BEGIN DATA

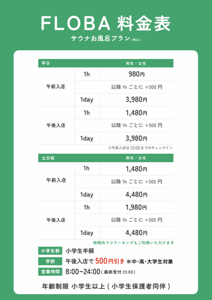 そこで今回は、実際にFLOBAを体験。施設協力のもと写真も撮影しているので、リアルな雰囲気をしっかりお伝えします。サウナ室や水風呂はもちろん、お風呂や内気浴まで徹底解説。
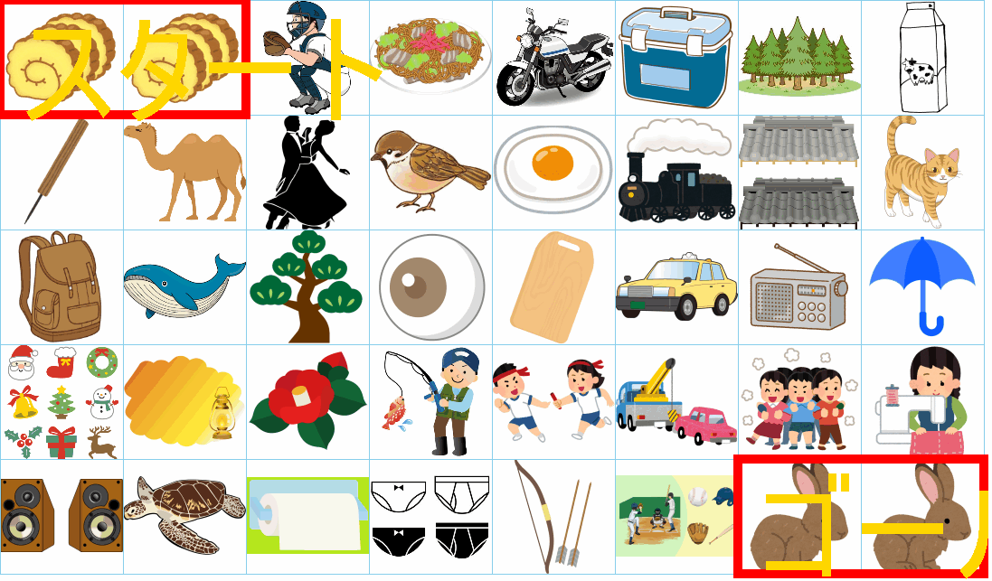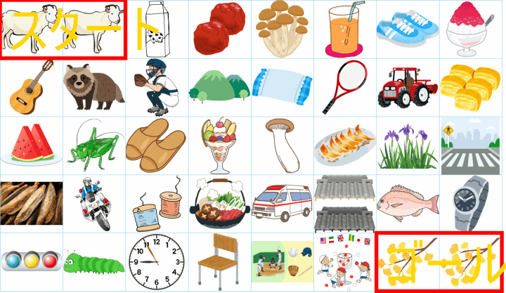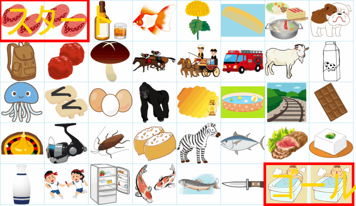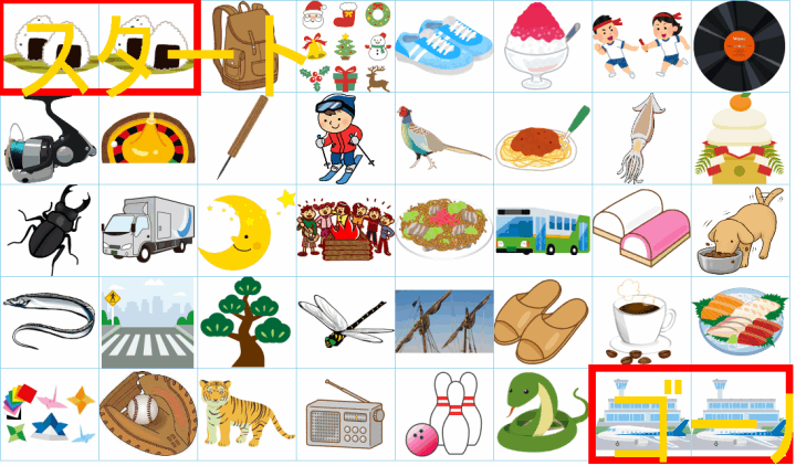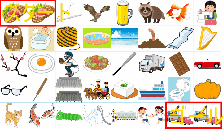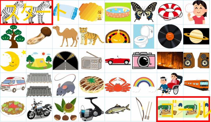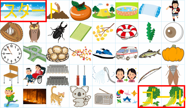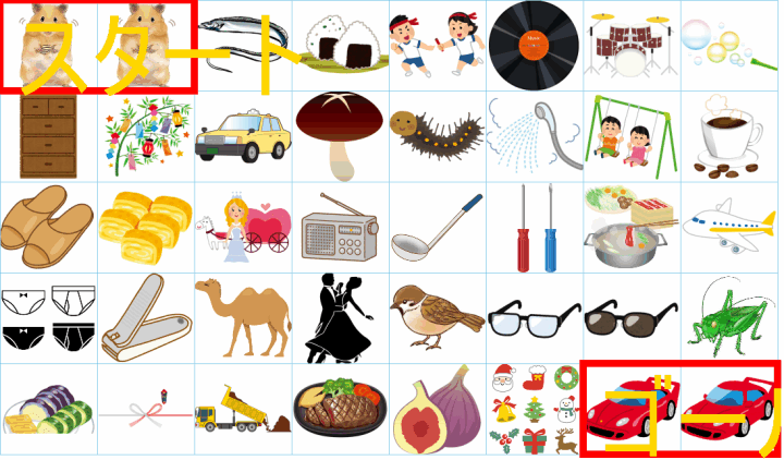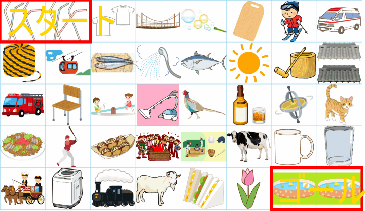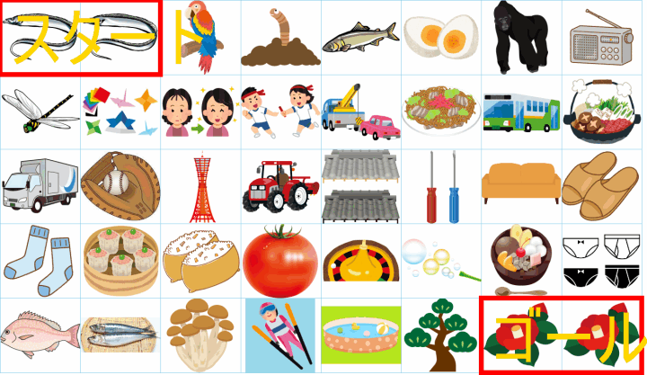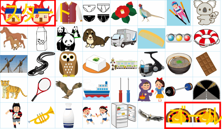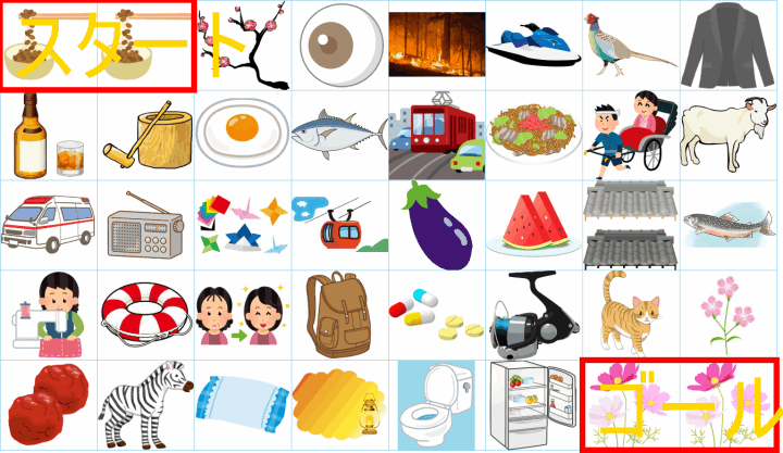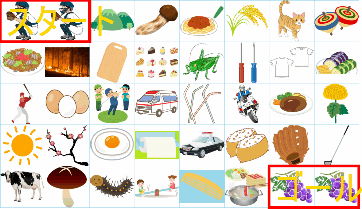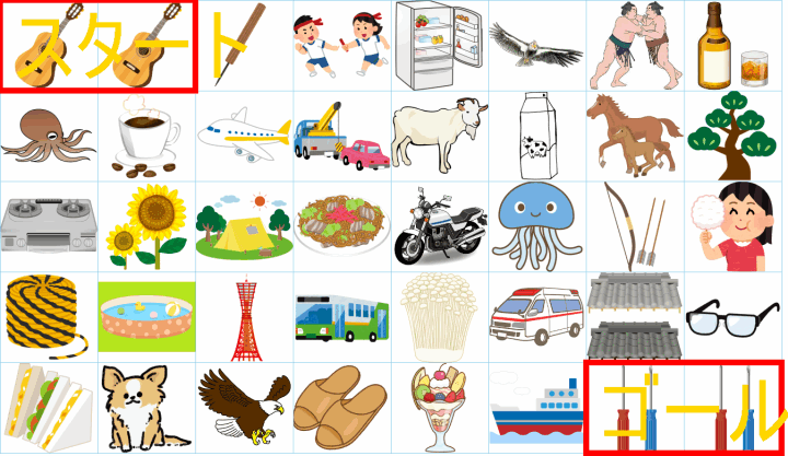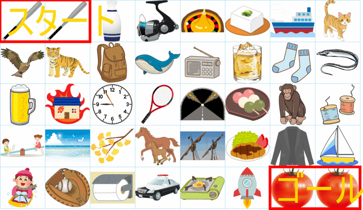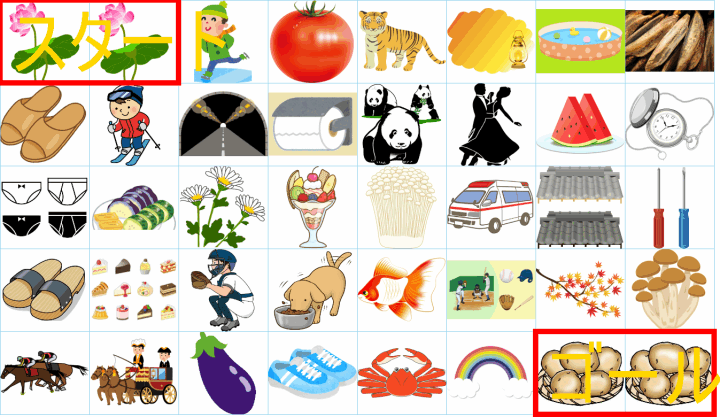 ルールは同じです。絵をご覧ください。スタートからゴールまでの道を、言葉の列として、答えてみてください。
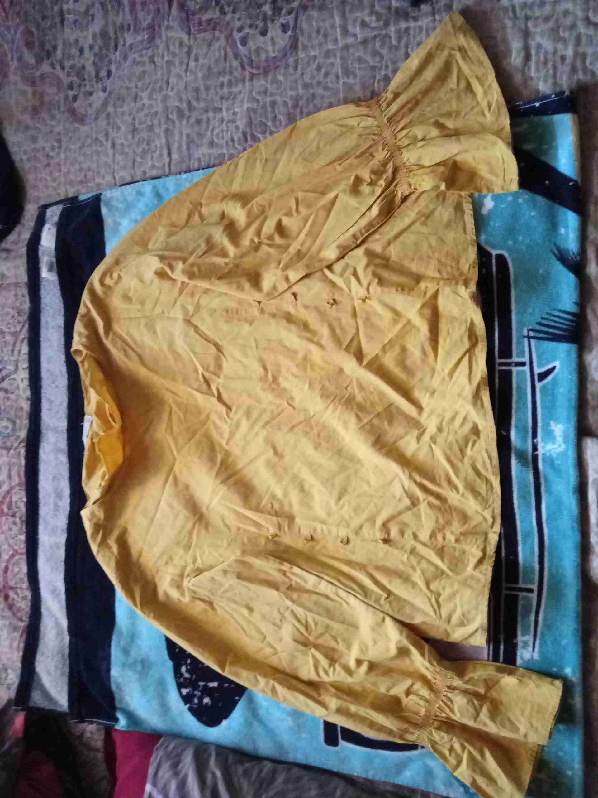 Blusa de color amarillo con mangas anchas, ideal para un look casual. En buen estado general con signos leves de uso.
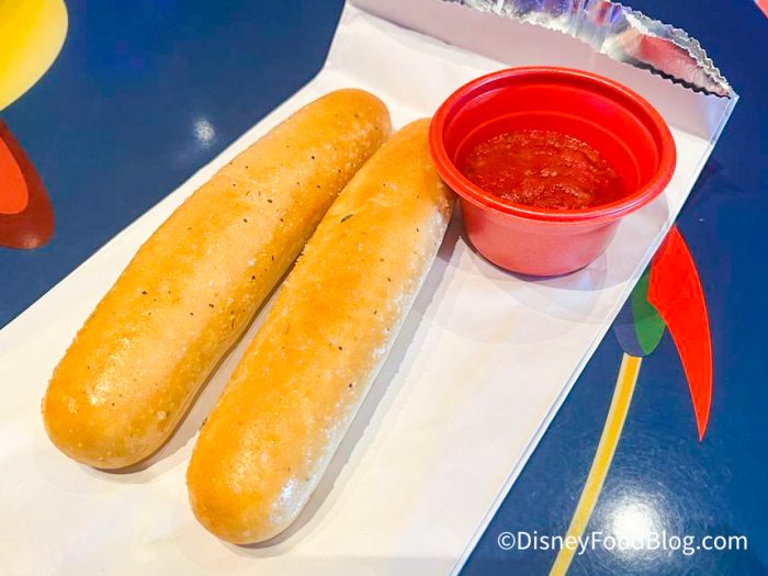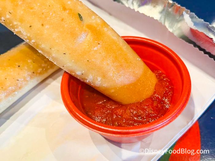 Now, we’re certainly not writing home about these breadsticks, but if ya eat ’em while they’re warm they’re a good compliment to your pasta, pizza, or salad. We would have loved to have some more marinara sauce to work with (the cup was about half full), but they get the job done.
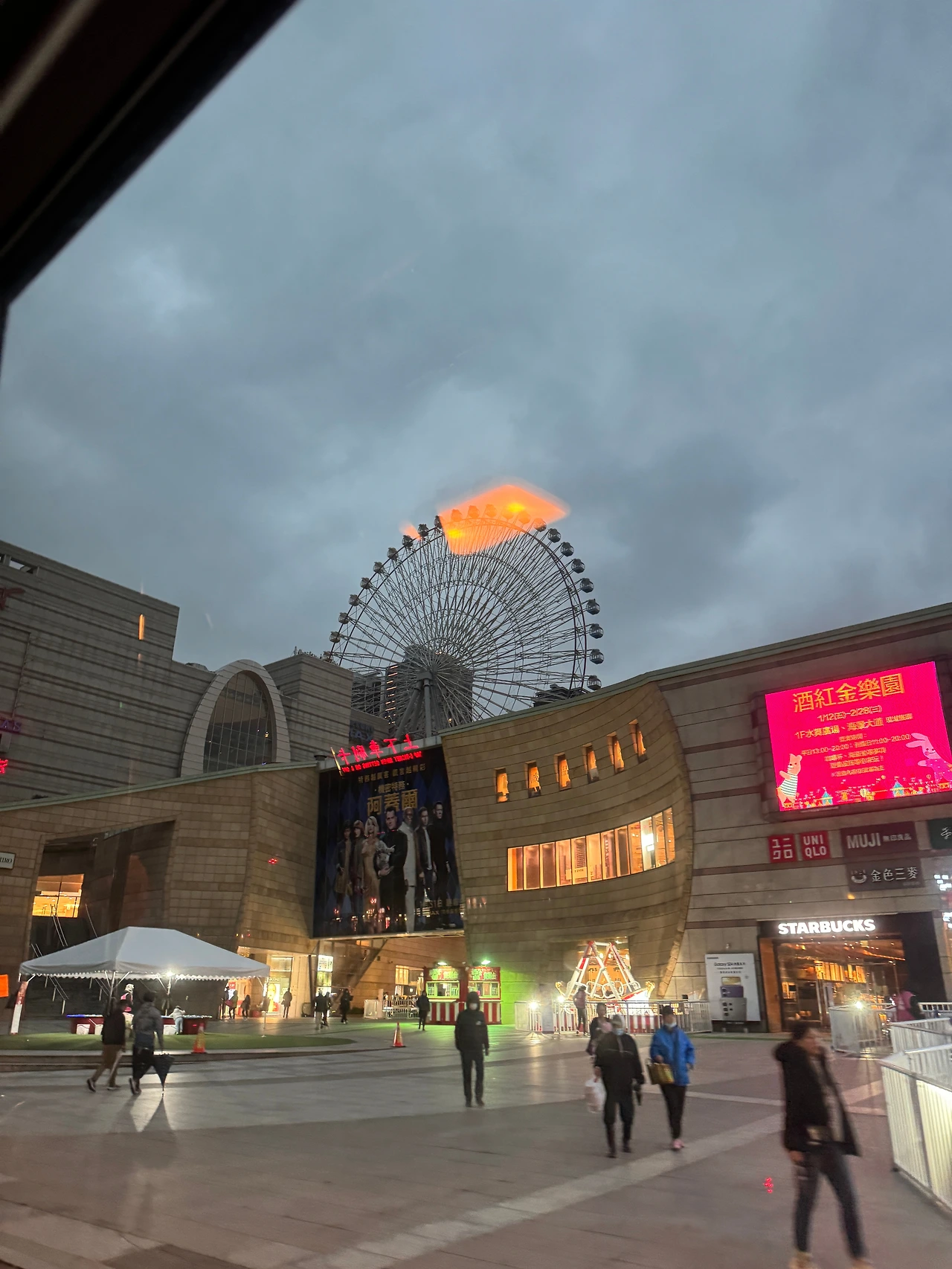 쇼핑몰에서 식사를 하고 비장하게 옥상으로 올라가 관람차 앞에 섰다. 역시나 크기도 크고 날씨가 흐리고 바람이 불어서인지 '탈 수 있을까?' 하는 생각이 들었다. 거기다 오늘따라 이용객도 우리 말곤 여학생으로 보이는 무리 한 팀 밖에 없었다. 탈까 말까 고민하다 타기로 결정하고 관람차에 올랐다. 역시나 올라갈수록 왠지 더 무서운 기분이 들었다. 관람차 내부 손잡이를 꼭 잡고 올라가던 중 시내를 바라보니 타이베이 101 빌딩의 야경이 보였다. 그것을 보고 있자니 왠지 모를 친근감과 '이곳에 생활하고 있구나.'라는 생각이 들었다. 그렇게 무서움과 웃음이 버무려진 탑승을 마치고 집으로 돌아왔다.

END DATA

WORK TASK>
Please write out exactly, and only, the lines from the beginning of the entries through the line containing "Blusa de color", including both and skipping all pictures.

RESPONSE BOX>
 そこで今回は、実際にFLOBAを体験。施設協力のもと写真も撮影しているので、リアルな雰囲気をしっかりお伝えします。サウナ室や水風呂はもちろん、お風呂や内気浴まで徹底解説。
 ルールは同じです。絵をご覧ください。スタートからゴールまでの道を、言葉の列として、答えてみてください。
 Blusa de color amarillo con mangas anchas, ideal para un look casual. En buen estado general con signos leves de uso.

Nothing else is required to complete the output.